BTW- for a right handed shooter, hitting low and right of the aim point is the natural POI from a flinch. IF your buddy hits with it, but not you, then the sighting is not the porblem. You must learn to shoot the flinter accurately before hitting become commonplace.
: Unfortunately, a large bored flintlock gun is harder to learn to shoot, than a small bore flint lock gun. Keep your charge low, if that's what your buddy hits with.

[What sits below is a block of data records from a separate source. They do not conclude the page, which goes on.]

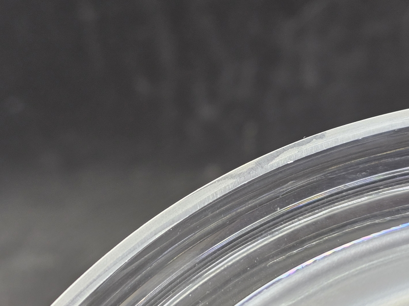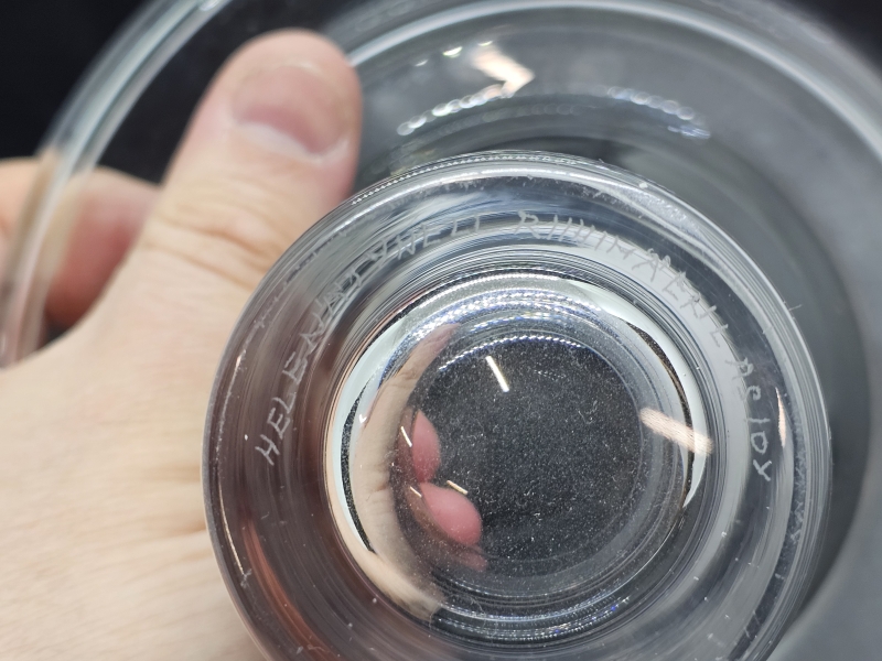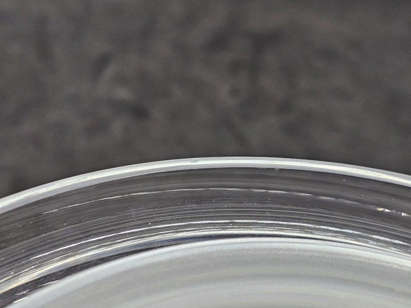 Pienenpientä kynnellä tuntuvaa karheutta reunassa. Sign. H: 16cm, k: 9,3cm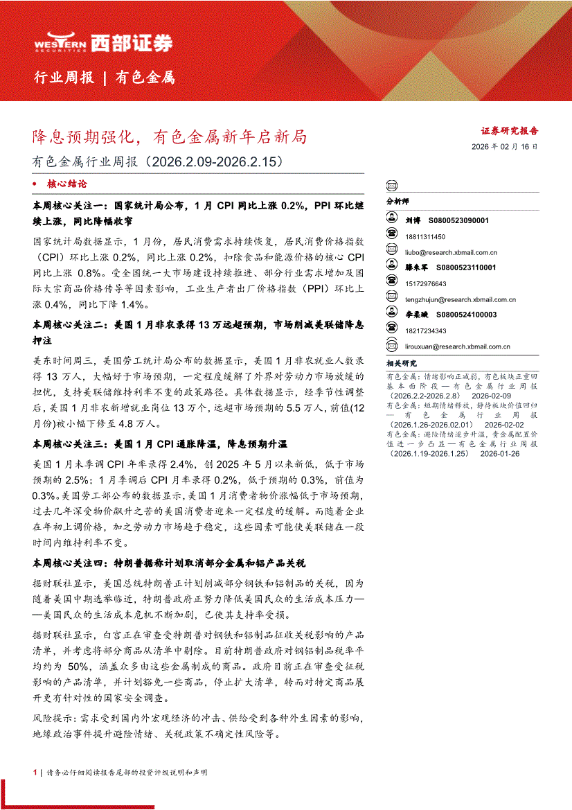有色金属行业:西部证券-有色金属行业周报:降息预期强化,有色金属新年启新局-260216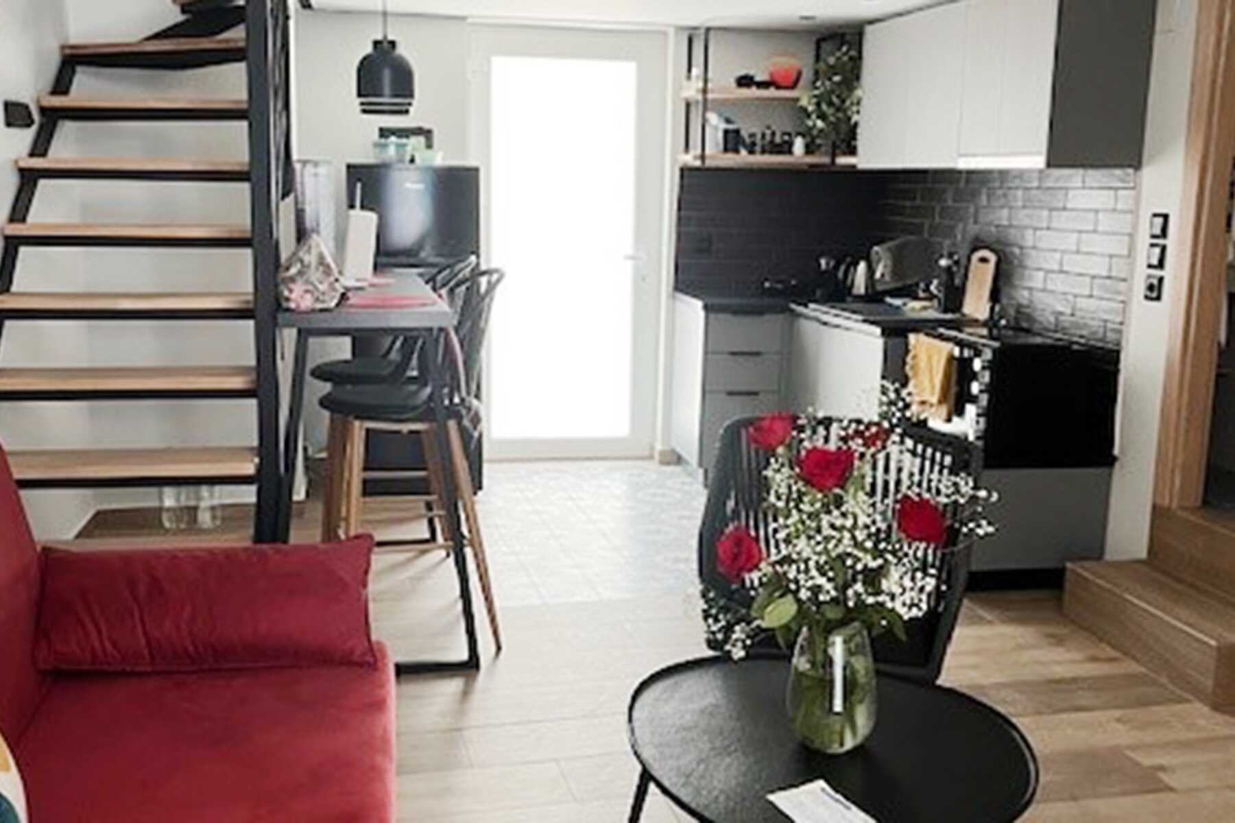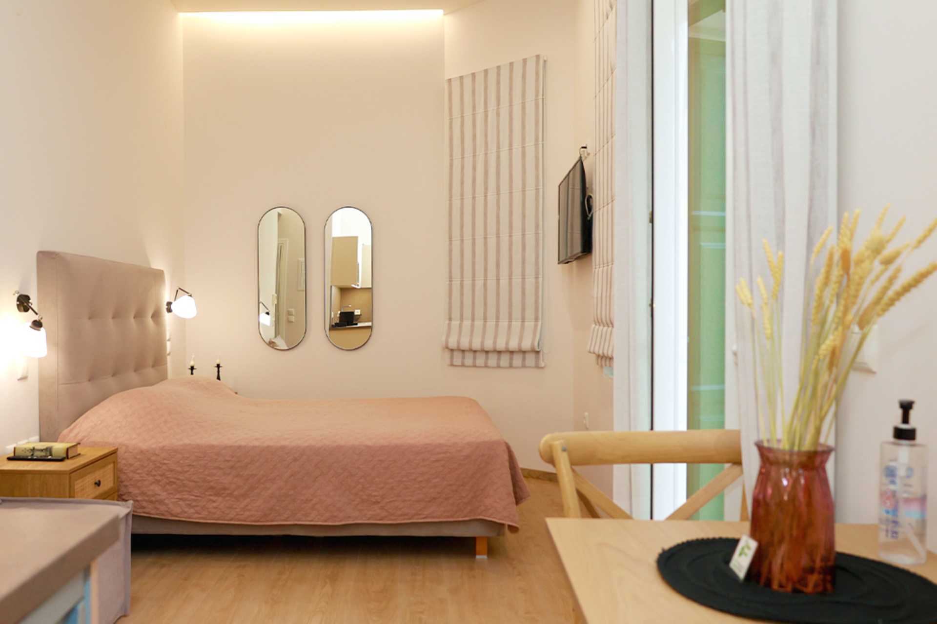 Studio in maisonette met terras. Twee eenpersoonsbedden of een tweepersoonsbed. Mogelijkheid tot een extra bed in de vorm van een slaapbank. Kitchenette met kookplaten, koelkast, magnetron, waterkoker, koffiezetapparaat en basiskeukengerei. Wifi, airconditioning en kluisje inbegrepen. Tv met internationale zenders. Wasmachine. Badjassen. Föhn. Badkamer met douche en toilet. Schoonmaak 6 keer/week.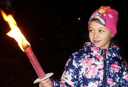 Ну и наконец, когда уже стемнело, к большой детской радости, все отправились в совместное путешествие, взяв с собой свои фонарики. Дети постарше ( они ведь уже постарше) получили взрослые факелы и освещали ими нам путь.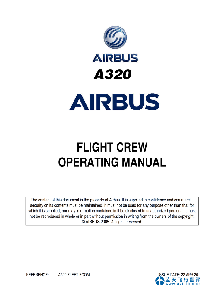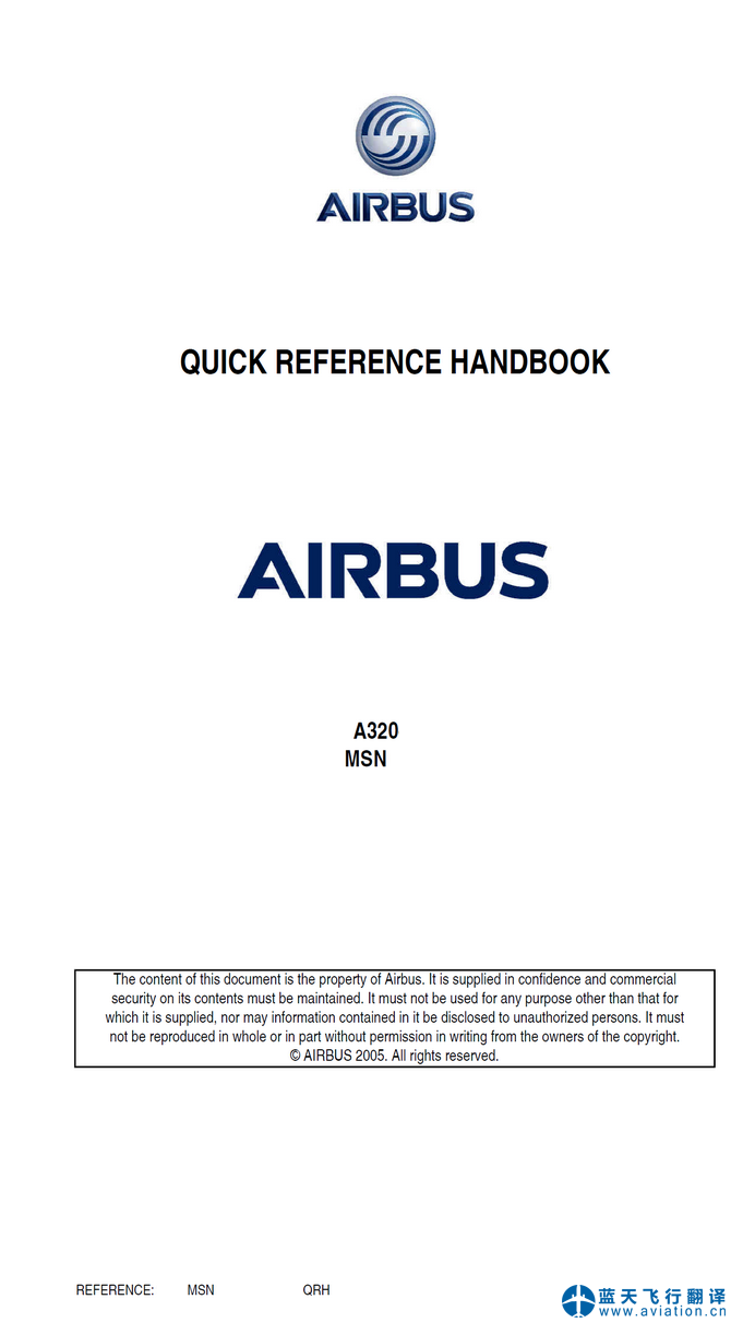 北京藍(lán)天飛行翻譯有限公司完成大型航空公司72架空客A320飛行機組操作手冊(FCOM FLIGHT CREW OPERATING MANUAL)、A320快速檢查單(QRH QUICK REFERENCE HANDBOOK)和A320飛機飛行手冊(AIRPLANE FLIGHT MANUAL)翻譯任務(wù) 22 APR 20 A320 FLIGHT CREW OPERATING MANUAL, QRH QUICK REFERENCE HANDBOOK and AIRPLANE FLIGHT MANUAL Translation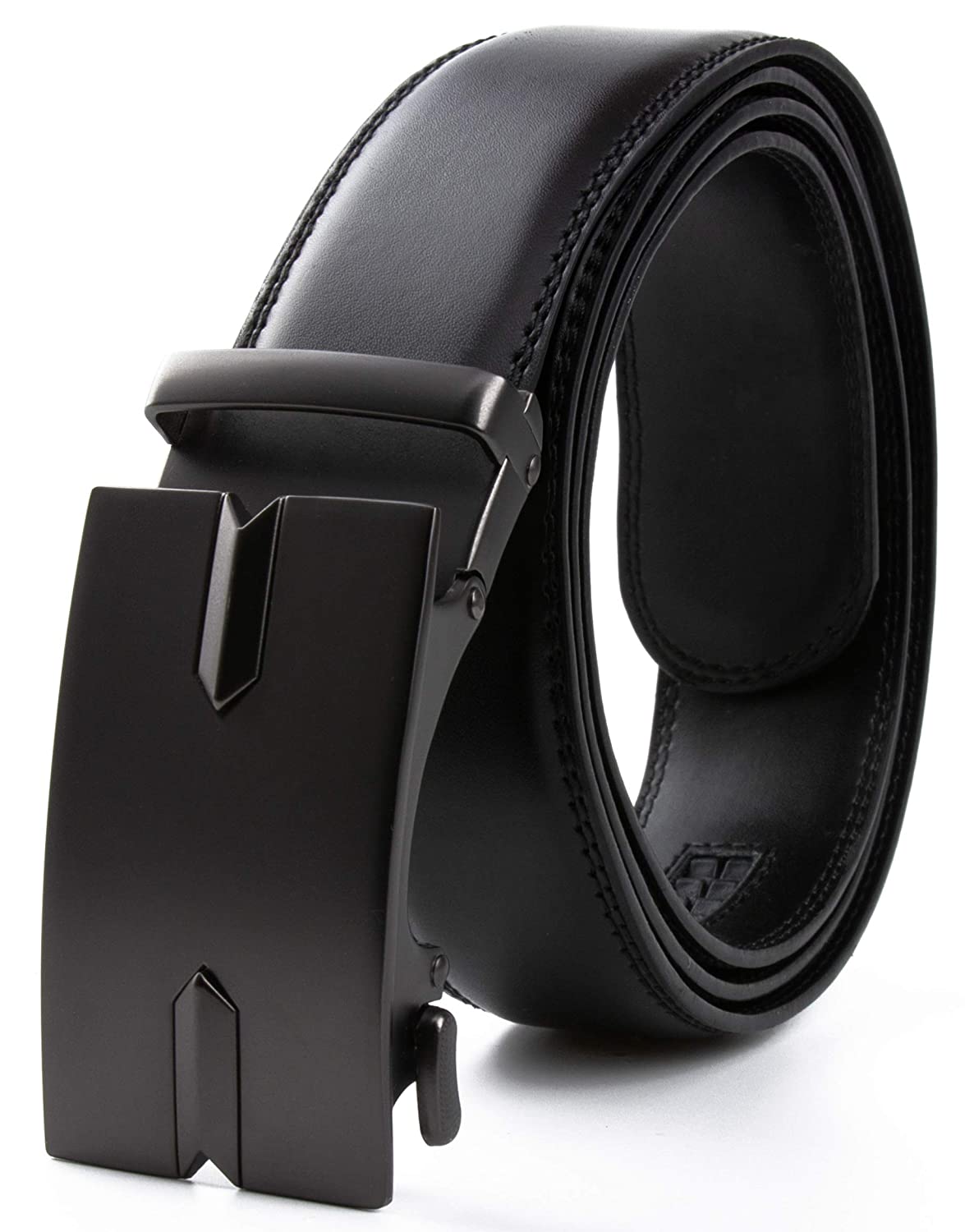Men’s Genuine Leather Auto Lock Buckle Belt (Free Size, Black)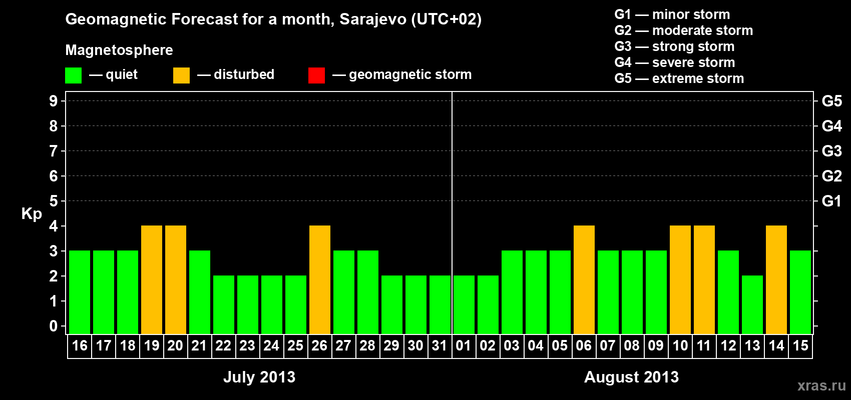 Geomagnetic storm forecast in Sarajevo for Jul 16, 2013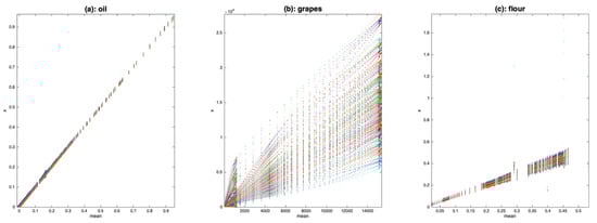 Scatter plot of the spectra as a function of the mean spectrum for (a): oil data, (b): grape data, (c): flour data.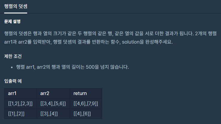 행렬의 덧셈은 행과 열의 크기가 같은 두 행렬의 같은 행, 같은 열의 값을 서로 더한 결과가 됩니다. 2개의 행렬 arr1과 arr2를 입력받아, 행렬 덧셈의 결과를 반환하는 함수, solution을 완성해주세요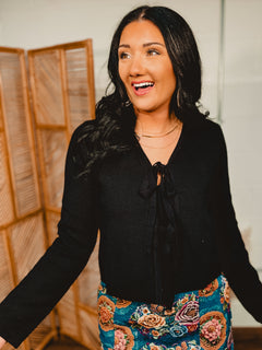 Front Tie-Up Textured Sweater Cardigan - Black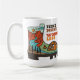 Hike More Worry Less camping mug. Gift this funny mug to the hiker / camper in your life. This design features a beautiful camping scene inside of a hiking boot.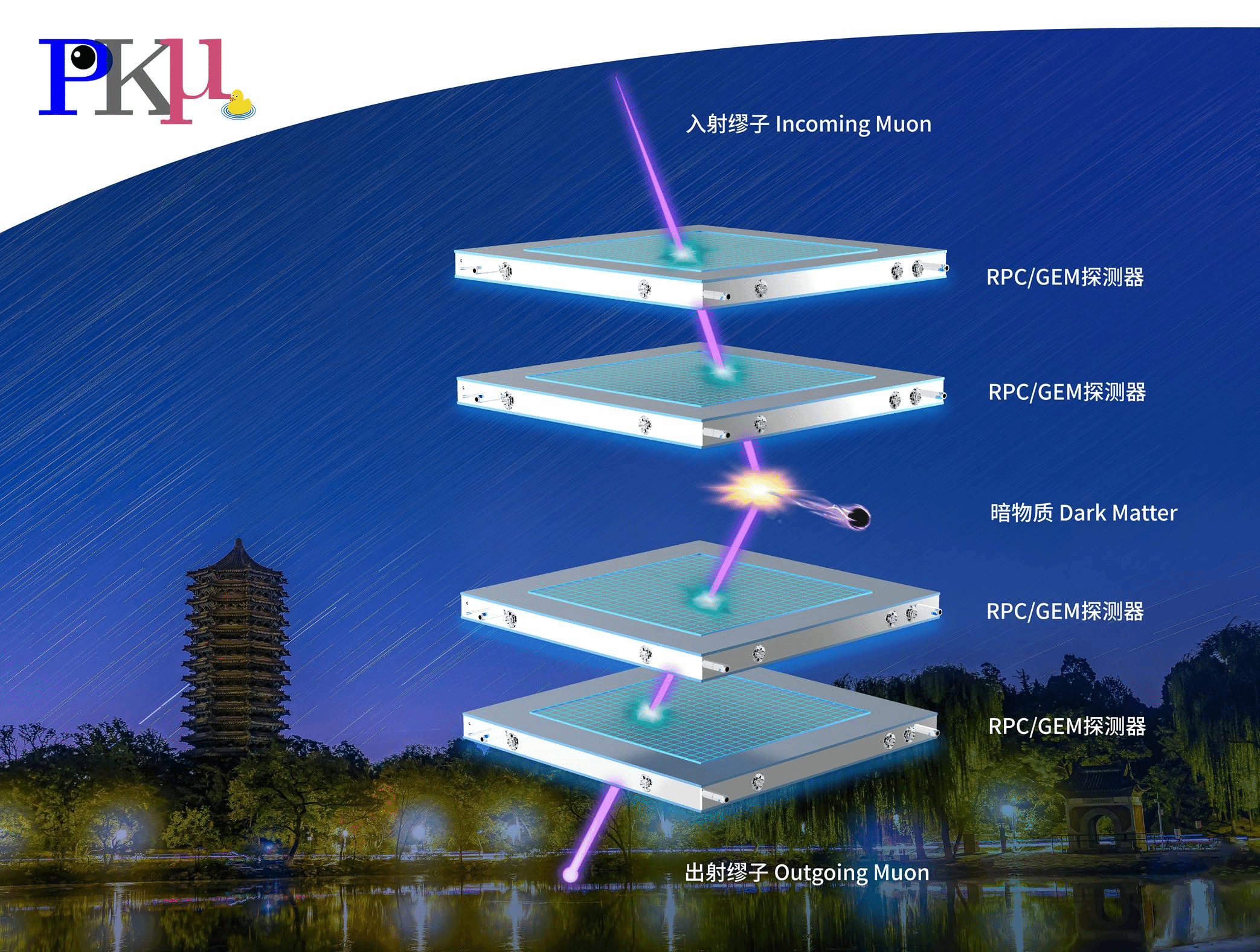 该实验项目被命名为PKMu (Probing and Knocking with Muon),旨在利用缪子探测器来直接探测轻质量暗物质。实验方案借助并推广了缪子散射成像的算法,通过测量入射和出射缪子轨迹的夹角和散射点等信息,来探测缪子与灵敏体积内暗物质可能的相互作用。研究团队初步设计的宇宙射线缪子散射探测系统由位置灵敏的多层气体电子倍增器(GEM)和阻板室气体室(RPC)组成。

: The fact that you are now admitting a possible flinch, you're 1/2 way to victory over this action. You must concentrate on the sight picture THROUGH the shot. You know if you shut your eyes - you must be honest with yourself or it's a lost cause. Wearing shooting glasses will help immensely with being able to keep your eyes open through the flash.
 
I had the same problem with my Colerain heavy 54 cal. flint Pennsylvania fowler. I did file the front sight down some, but it really took me about 300 shots before I learned to shoot it well. A steady follow through is MOST important! I can do clover leafs at 25 yds now.
 
I will have to agree with tg. The French fusils were not designed for the attachment of bayonets. The lug on the top of the barrel was in fact designed as a reference point for aiming the fusil. On military muskets, like the Brown Bess, the primary purpose of the square lug was for the attachment of the bayonet, but even this was used as front sight, whether it was designed for it or not. :m2c:
 
I hate to inject fact into a thread again, but the French Fusils had front sights not bayonet lugs, there are period drawings of guns and their parts that mention front and back sights..so at least back then they thought they were sights.

Didn't realize that! I apologize for insisting it was a bayonet lug. I'm of a Bess mindset, I guess.

When your only tool is a hammer, everything looks like a nail.